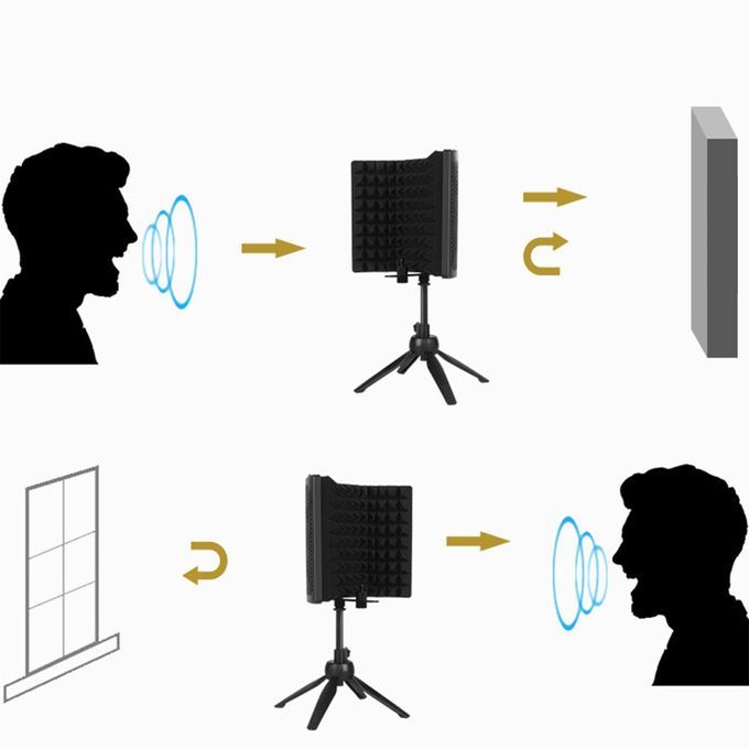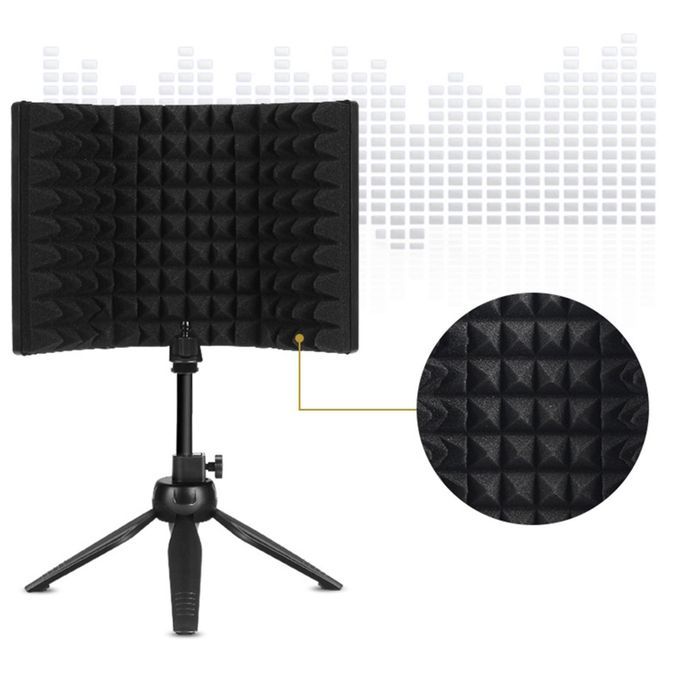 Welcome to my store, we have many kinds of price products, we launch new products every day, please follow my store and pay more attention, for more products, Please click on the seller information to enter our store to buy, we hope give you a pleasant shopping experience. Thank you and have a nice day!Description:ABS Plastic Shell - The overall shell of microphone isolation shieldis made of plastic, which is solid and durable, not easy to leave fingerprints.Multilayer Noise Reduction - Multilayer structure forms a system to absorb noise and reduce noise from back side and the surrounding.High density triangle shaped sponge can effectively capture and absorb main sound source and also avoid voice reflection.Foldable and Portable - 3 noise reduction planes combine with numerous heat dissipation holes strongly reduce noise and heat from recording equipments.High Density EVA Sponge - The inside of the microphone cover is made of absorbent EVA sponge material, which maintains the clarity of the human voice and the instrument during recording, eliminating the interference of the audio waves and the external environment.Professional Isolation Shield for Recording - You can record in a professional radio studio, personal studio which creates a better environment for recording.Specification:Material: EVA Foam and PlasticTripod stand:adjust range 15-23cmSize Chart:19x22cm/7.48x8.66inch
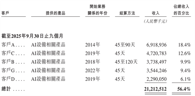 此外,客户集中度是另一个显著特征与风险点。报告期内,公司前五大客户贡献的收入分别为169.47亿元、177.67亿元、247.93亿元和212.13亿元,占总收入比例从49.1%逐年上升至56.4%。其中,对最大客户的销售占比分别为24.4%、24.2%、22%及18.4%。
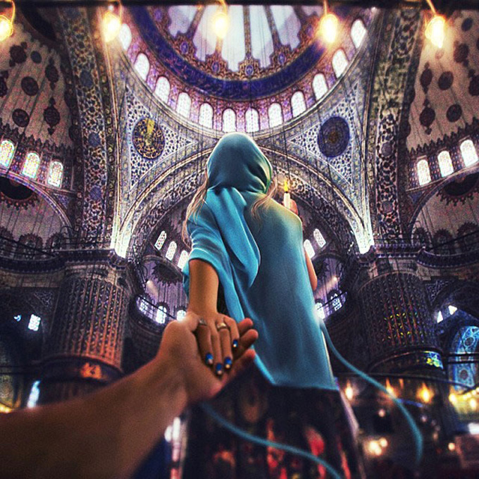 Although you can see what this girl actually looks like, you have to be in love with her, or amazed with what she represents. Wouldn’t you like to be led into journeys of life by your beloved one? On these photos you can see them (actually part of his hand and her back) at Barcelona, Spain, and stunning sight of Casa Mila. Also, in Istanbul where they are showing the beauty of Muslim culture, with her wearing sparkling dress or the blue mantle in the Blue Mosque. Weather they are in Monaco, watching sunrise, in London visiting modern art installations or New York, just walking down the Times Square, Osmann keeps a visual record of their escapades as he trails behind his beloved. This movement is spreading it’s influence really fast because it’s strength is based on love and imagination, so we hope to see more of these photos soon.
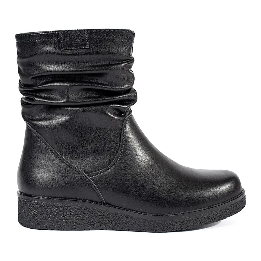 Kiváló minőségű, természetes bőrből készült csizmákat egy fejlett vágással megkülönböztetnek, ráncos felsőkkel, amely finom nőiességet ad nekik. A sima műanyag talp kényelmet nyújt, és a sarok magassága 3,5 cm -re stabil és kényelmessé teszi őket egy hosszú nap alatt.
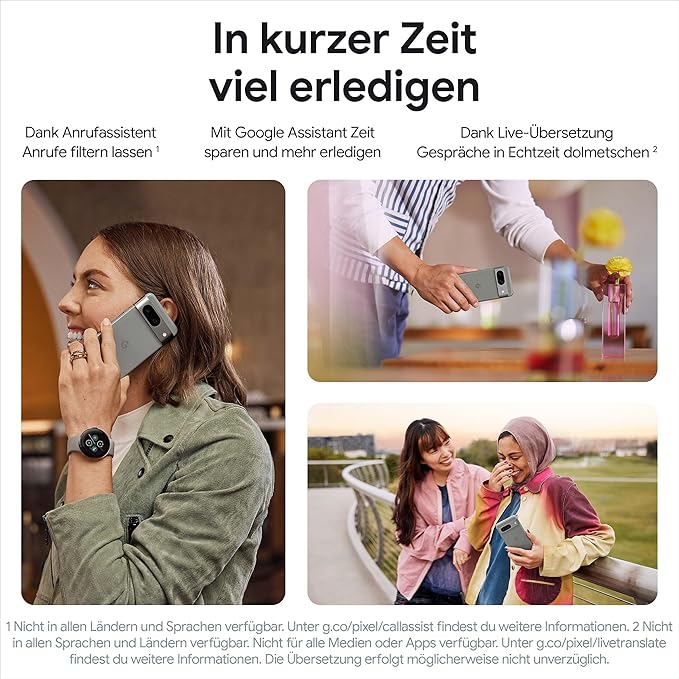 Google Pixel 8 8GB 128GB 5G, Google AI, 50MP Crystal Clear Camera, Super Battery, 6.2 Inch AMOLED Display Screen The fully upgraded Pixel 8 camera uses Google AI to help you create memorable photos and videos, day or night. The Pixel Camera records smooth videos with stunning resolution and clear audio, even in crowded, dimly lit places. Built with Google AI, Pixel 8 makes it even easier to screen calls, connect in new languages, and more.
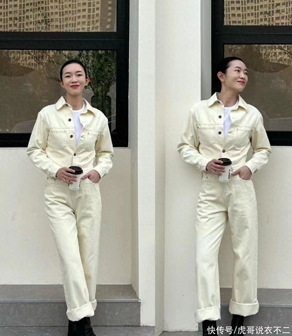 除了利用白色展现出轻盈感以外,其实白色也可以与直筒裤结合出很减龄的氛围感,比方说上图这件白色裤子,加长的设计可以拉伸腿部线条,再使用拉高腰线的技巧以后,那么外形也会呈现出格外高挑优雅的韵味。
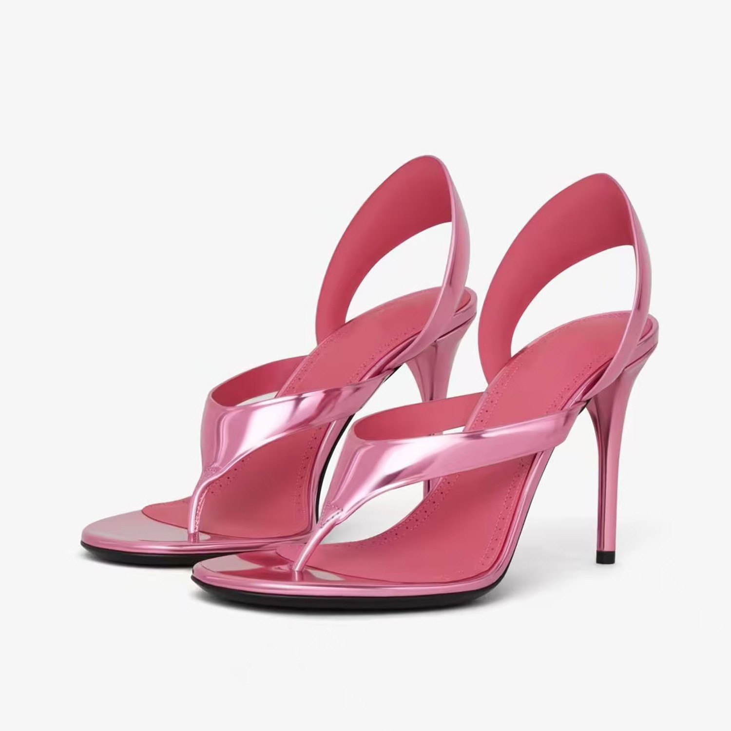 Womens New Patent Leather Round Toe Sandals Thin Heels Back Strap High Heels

* * *

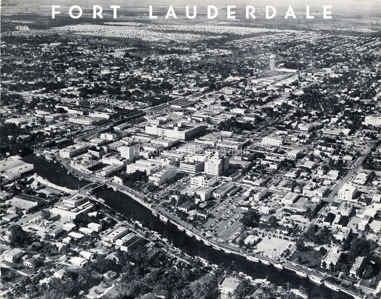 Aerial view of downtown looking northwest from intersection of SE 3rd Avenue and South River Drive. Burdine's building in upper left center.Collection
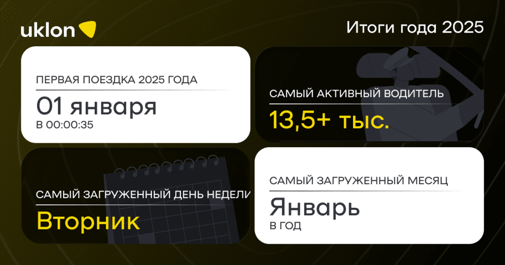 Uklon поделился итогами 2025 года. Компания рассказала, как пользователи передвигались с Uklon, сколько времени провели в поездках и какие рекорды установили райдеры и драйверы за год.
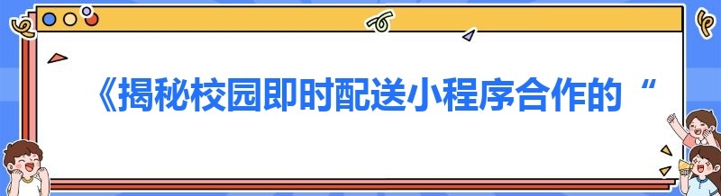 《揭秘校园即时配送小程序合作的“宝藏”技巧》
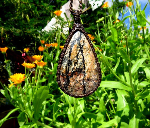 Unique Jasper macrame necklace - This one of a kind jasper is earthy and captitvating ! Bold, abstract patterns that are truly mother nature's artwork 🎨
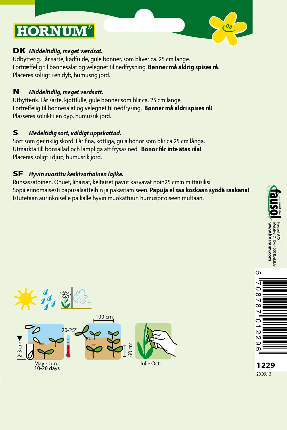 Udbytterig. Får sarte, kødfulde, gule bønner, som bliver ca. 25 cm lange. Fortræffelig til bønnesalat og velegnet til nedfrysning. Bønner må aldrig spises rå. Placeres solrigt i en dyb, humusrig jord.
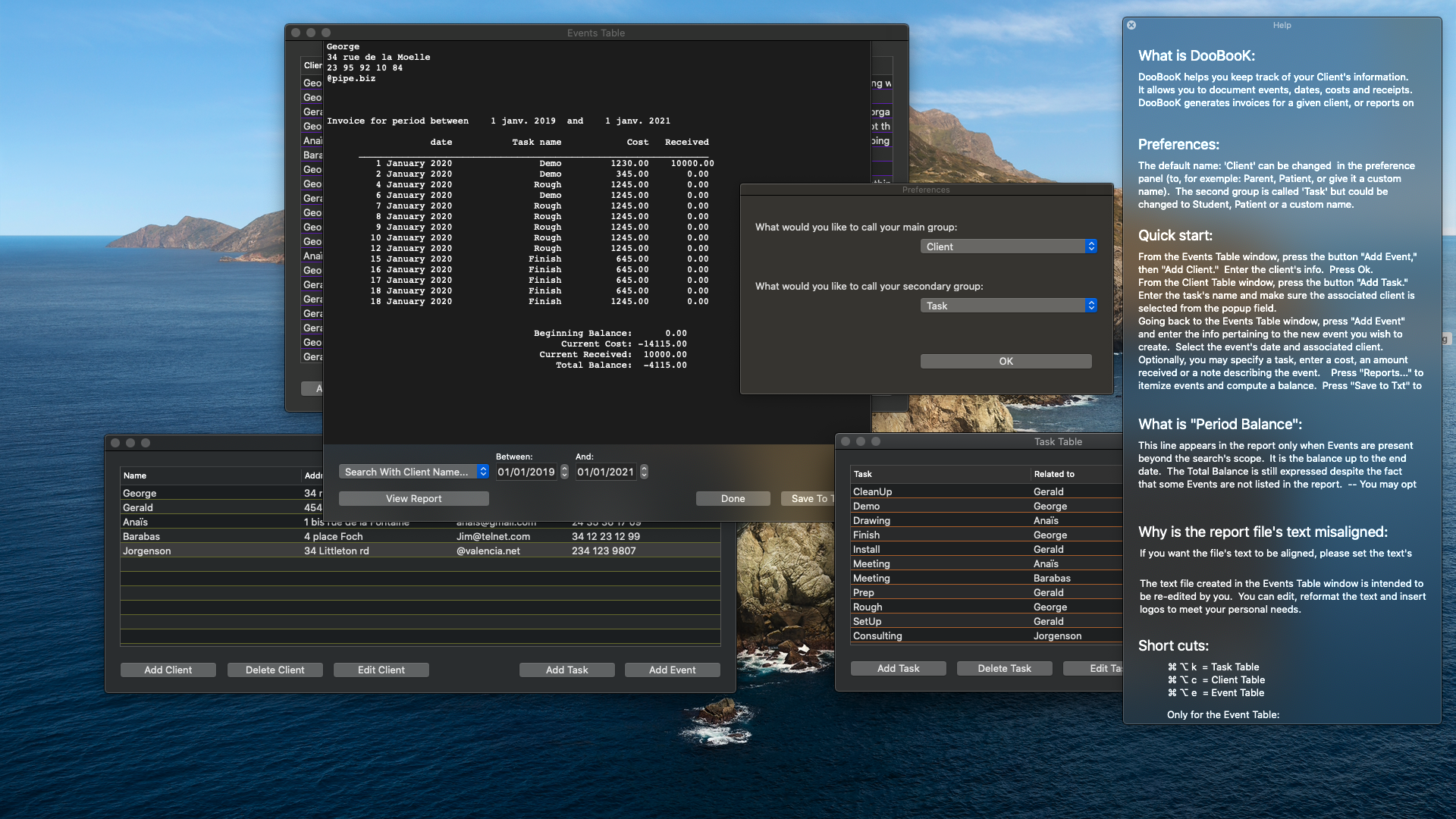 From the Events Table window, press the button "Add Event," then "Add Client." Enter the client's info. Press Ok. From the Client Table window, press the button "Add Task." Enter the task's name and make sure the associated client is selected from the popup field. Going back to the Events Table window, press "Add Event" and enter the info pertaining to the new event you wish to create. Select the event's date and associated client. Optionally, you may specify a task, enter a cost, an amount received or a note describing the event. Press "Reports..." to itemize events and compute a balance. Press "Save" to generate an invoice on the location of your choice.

YOUR OBJECTIVE ▸
Everything above from the line containing "Aerial view of" down to the line containing "From the Events" is to be duplicated exactly, both lines included, and the pictures are to be omitted.

ANSWER SPACE ▸
 Aerial view of downtown looking northwest from intersection of SE 3rd Avenue and South River Drive. Burdine's building in upper left center.Collection
 Uklon поделился итогами 2025 года. Компания рассказала, как пользователи передвигались с Uklon, сколько времени провели в поездках и какие рекорды установили райдеры и драйверы за год.
 《揭秘校园即时配送小程序合作的“宝藏”技巧》
 Unique Jasper macrame necklace - This one of a kind jasper is earthy and captitvating ! Bold, abstract patterns that are truly mother nature's artwork 🎨
 Udbytterig. Får sarte, kødfulde, gule bønner, som bliver ca. 25 cm lange. Fortræffelig til bønnesalat og velegnet til nedfrysning. Bønner må aldrig spises rå. Placeres solrigt i en dyb, humusrig jord.
 From the Events Table window, press the button "Add Event," then "Add Client." Enter the client's info. Press Ok. From the Client Table window, press the button "Add Task." Enter the task's name and make sure the associated client is selected from the popup field. Going back to the Events Table window, press "Add Event" and enter the info pertaining to the new event you wish to create. Select the event's date and associated client. Optionally, you may specify a task, enter a cost, an amount received or a note describing the event. Press "Reports..." to itemize events and compute a balance. Press "Save" to generate an invoice on the location of your choice.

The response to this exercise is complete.